GOAL OF THE EXERCISE >>
If an entry holds a picture, drop the picture but restate the entry word for word.
DATA SUPPLIED below:
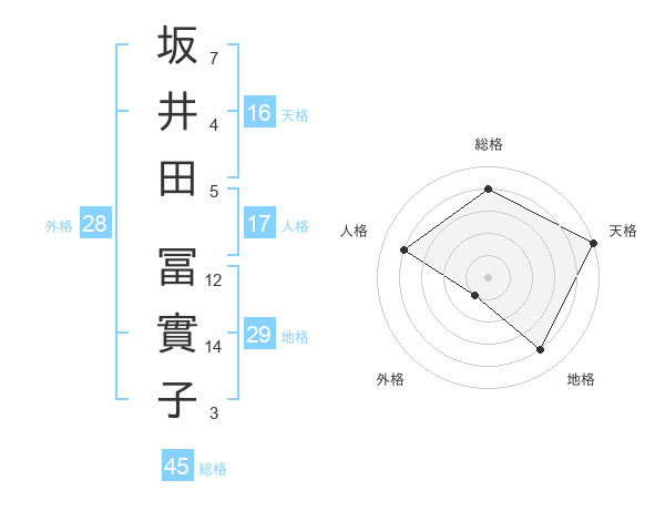 坂井田 冨實子さんを姓名の画数から五運を鑑定
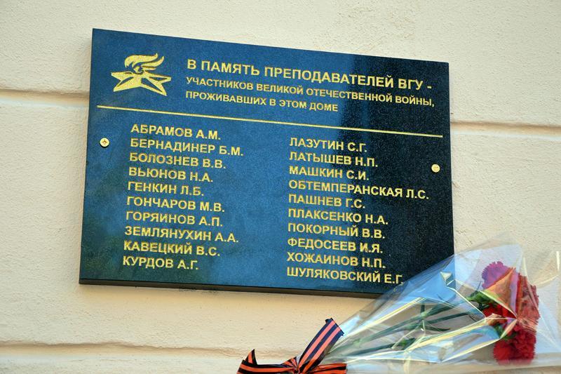 On 7 May, at the place that has become traditional for such events (19, Teatralnaya street) a ceremonial opening of a commemorative plaque dedicated to university employees who lived in this house and fought in the Great Patriotic War was held. The plaque has the names of A.M. Abramov, B.M. Bernadiner, V.V. Boloznev, N.A. Viunov, L.B. Genkin, M.V. Goncharov, A.P. Goryainov, A.A. Zemlyanukhin, V.S. Kavetskiy, A.G. Kurdov, S.G. Lazutin, N.P. Latyshev, S.I. Mashkin, L.S. Obtemperanskaya, G.S. Pashnev, N.A. Plaksenko, V.V. Pokornyi, I.Ya. Fedoseyev, N.P. Khozhainov and Ye.G. Shulyakovskiy.
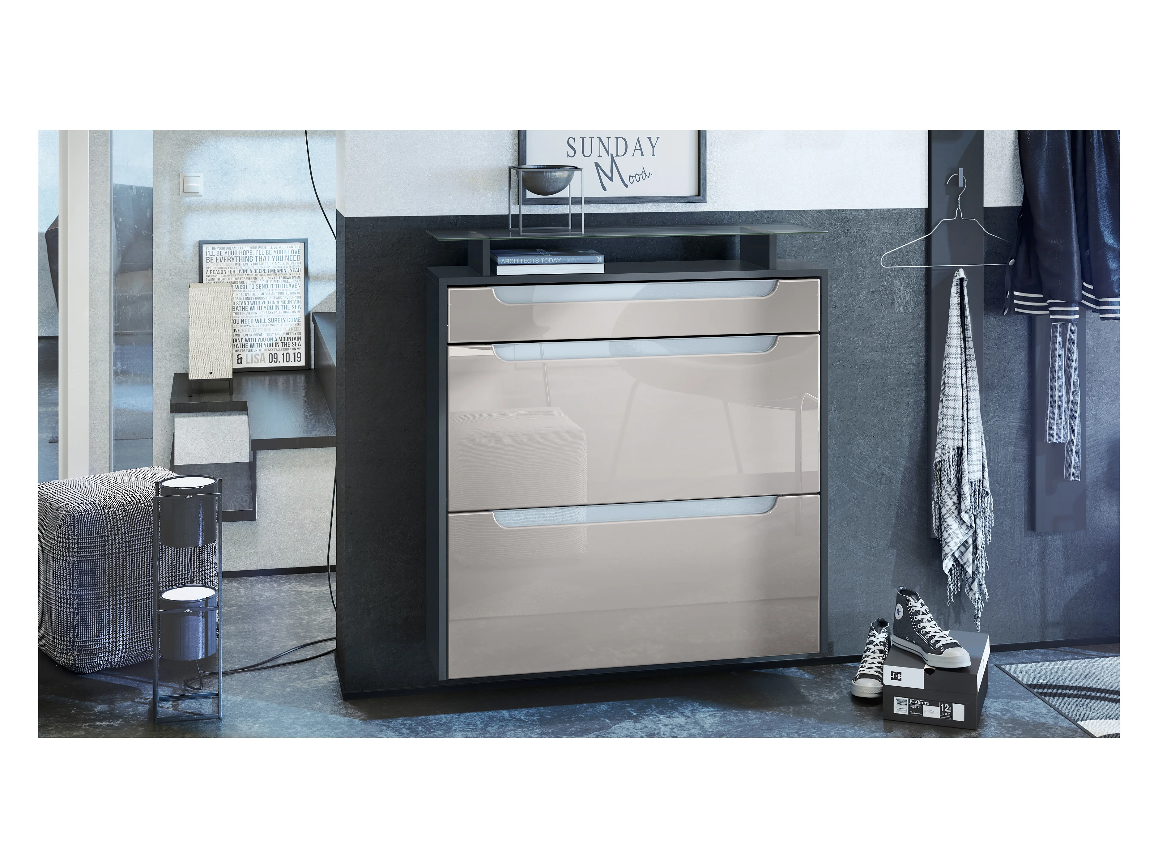 Meuble chaussures Annie pour 16 paires de chaussures, avec tablette en verre, Anthracite mat/Gris sable brillant , poignées Blanc brillant (89x96x23 cm)
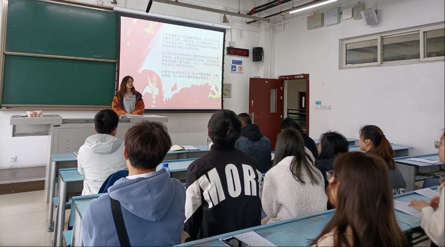 会议的第二部分,个人自评、党员互评。支部党员依次开展批评与自我批评,付凯同学首先说道,自己能够积极了解时政,但在党的理论知识方面学习还不够用心,随后冉虹同学也评议道,付凯同学在生活中很热心,但政治理论修养还不足。之后,大家也都查找了自己在政治、思想、学习、工作、能力、作风等方面的问题和不足,例如:唐修新同学认为自己学习上不够用心,表示在后面的生活中会积极改正,更加努力;冯婷婷同学对待学业认真刻苦,但对党的基础知识学习还不够等等。在严肃认真和谐活泼的氛围中,党员们教育了自我,提升了自我。
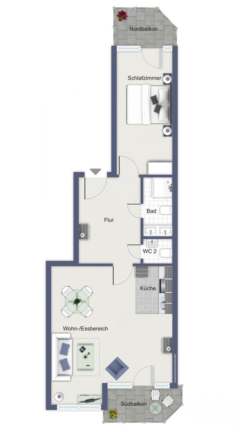 Die Ferienwohnung 325 in der Villa Hanse ist eine 2-Zimmer-Wohnung mit einer Größe von etwa 49 m². Zu der Wohnung gehören zwei Balkone.
End of DATA SUPPLIED.
RESULT >>
 坂井田 冨實子さんを姓名の画数から五運を鑑定
 On 7 May, at the place that has become traditional for such events (19, Teatralnaya street) a ceremonial opening of a commemorative plaque dedicated to university employees who lived in this house and fought in the Great Patriotic War was held. The plaque has the names of A.M. Abramov, B.M. Bernadiner, V.V. Boloznev, N.A. Viunov, L.B. Genkin, M.V. Goncharov, A.P. Goryainov, A.A. Zemlyanukhin, V.S. Kavetskiy, A.G. Kurdov, S.G. Lazutin, N.P. Latyshev, S.I. Mashkin, L.S. Obtemperanskaya, G.S. Pashnev, N.A. Plaksenko, V.V. Pokornyi, I.Ya. Fedoseyev, N.P. Khozhainov and Ye.G. Shulyakovskiy.
 Meuble chaussures Annie pour 16 paires de chaussures, avec tablette en verre, Anthracite mat/Gris sable brillant , poignées Blanc brillant (89x96x23 cm)
 会议的第二部分,个人自评、党员互评。支部党员依次开展批评与自我批评,付凯同学首先说道,自己能够积极了解时政,但在党的理论知识方面学习还不够用心,随后冉虹同学也评议道,付凯同学在生活中很热心,但政治理论修养还不足。之后,大家也都查找了自己在政治、思想、学习、工作、能力、作风等方面的问题和不足,例如:唐修新同学认为自己学习上不够用心,表示在后面的生活中会积极改正,更加努力;冯婷婷同学对待学业认真刻苦,但对党的基础知识学习还不够等等。在严肃认真和谐活泼的氛围中,党员们教育了自我,提升了自我。
 Die Ferienwohnung 325 in der Villa Hanse ist eine 2-Zimmer-Wohnung mit einer Größe von etwa 49 m². Zu der Wohnung gehören zwei Balkone.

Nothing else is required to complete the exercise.